Image Credit: Flickr/ (stephan)

North Korea: China's Unwelcome Mirror

 
 

There may be several reasons why Xi Jinping, and Chinese leaders before him, have been reluctant to “solve” the North Korea problem. Some have suggested that the Chinese Communist Party leadership does not see North Korea as a problem, and to some extent, this is true. Why would the Chinese Communist Party, which has prevailed against overwhelming odds not only to stay in power, but also to propel its country dramatically forward, see its sister political party in North Korea as anything but legitimate? More importantly, if the Kim dynasty and the Communist Party in North Korea are in any way illegitimate, then does this not bite at the heels of the perceived legitimacy of the Chinese Communist Party? Why would the Party do anything to undermine its own philosophical basis for power?
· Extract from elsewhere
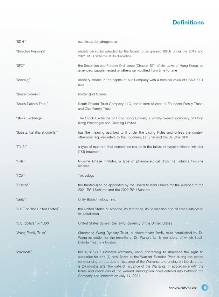 ANNUAL REPORT 2024 9 Definitions “ SDH - ” succinate dehydrogenase “ Selected Person(s) ” eligible person(s) selected by the Board to be granted RSUs under the 2018 and 2021 RSU Scheme at its discretion “ SFO ” the Securities and Futures Ordinance (Chapter 571 of the Laws of Hong Kong), as amended, supplemented or otherwise modified from time to time “ Share(s) ” ordinary shares in the capital of our Company with a nominal value of US$0.0001 each “ Shareholder(s) ” holder(s) of Shares “ South Dakota Trust ” South Dakota Trust Company LLC, the trustee of each of Founders Family Trusts and Zhai Family Trust “ Stock Exchange ” The Stock Exchange of Hong Kong Limited, a wholly - owned subsidiary of Hong Kong Exchanges and Clearing Limited “ Substantial Shareholder(s) ” has the meaning ascribed to it under the Listing Rules and unless the context otherwise requires refers to the Founders, Dr. Zhai and the Dr. Zhai SPV “ T315I ” a type of mutation that sometimes results in the failure of tyrosine kinase inhibitor (TKI) treatment “ TKIs ” tyrosine kinase inhibitor; a type of pharmaceutical drug that inhibits tyrosine kinases “ TOX ” Toxicology “ Trustee ” the trustee(s) to be appointed by the Board to hold Shares for the purpose of the 2021 RSU Scheme and the 2022 RSU Scheme “ Unity ” Unity Biotechnology, Inc. “ U.S. ” or “ the United States ” the United States of America, its territories, its possession and all areas subject to its jurisdiction “ U.S. dollars ” or “ US$ ” United States dollars, the lawful currency of the United States “ Wang Family Trust ” Shaomeng Wang Dynasty Trust, a discretionary family trust established by Dr . Wang as settlor for the benefits of Dr . Wang ’ s family members, of which South Dakota Trust is a trustee “ Warrants ” the 6 , 787 , 587 unlisted warrants, each conferring to Innovent the right to subscribe for one ( 1 ) new Share at the Warrant Exercise Price during the period commencing on the date of issuance of the Warrants and ending on the date that is 24 months after the date of issuance of the Warrants, in accordance with the terms and conditions of the warrant subscription deed entered into between the Company and Innovent on July 14 , 2021

There are, however, other compelling aspects of China’s ambivalence to truly solve the North Korean problem. One is China’s reluctance to look too closely at its own past. Put quite simply, China is embarrassed by North Korea. In North Korea China sees its own cult of personality, its own zealotry, and its own Cultural Revolution-era madness. In North Korea China also sees a Communist Party that has remained dysfunctional, that has not succeeded — and perhaps does not wish to succeed — in bringing improved conditions for its people. Many senior officials in Beijing echo this sentiment. North Korea is an uncomfortable reality for them. Looking at North Korea means revisiting, particularly for Xi’s generation, the disturbing reality of one’s own behavior and humiliation during that harrowing period between 1966 and 1976 when much of China lost its mind and soul.

Discussing the Cultural Revolution with Chinese who lived through it is not so much politically taboo in China as it is personally wrenching. China does not like to be reminded of its own descent into zealotry, madness, and murder. The period is still horrific and inexplicable in the minds of most Chinese. Chinese society is not much given to either the pop psychology or the legitimate psychiatry of the West; exploring one’s own psyche and motivations is in direct odds with obsessively maintaining face. So little introspection exists to explain to the Chinese why the Cultural Revolution happened, but sitting on their northeast border is a constant and nagging reminder of the conditions that spawned it.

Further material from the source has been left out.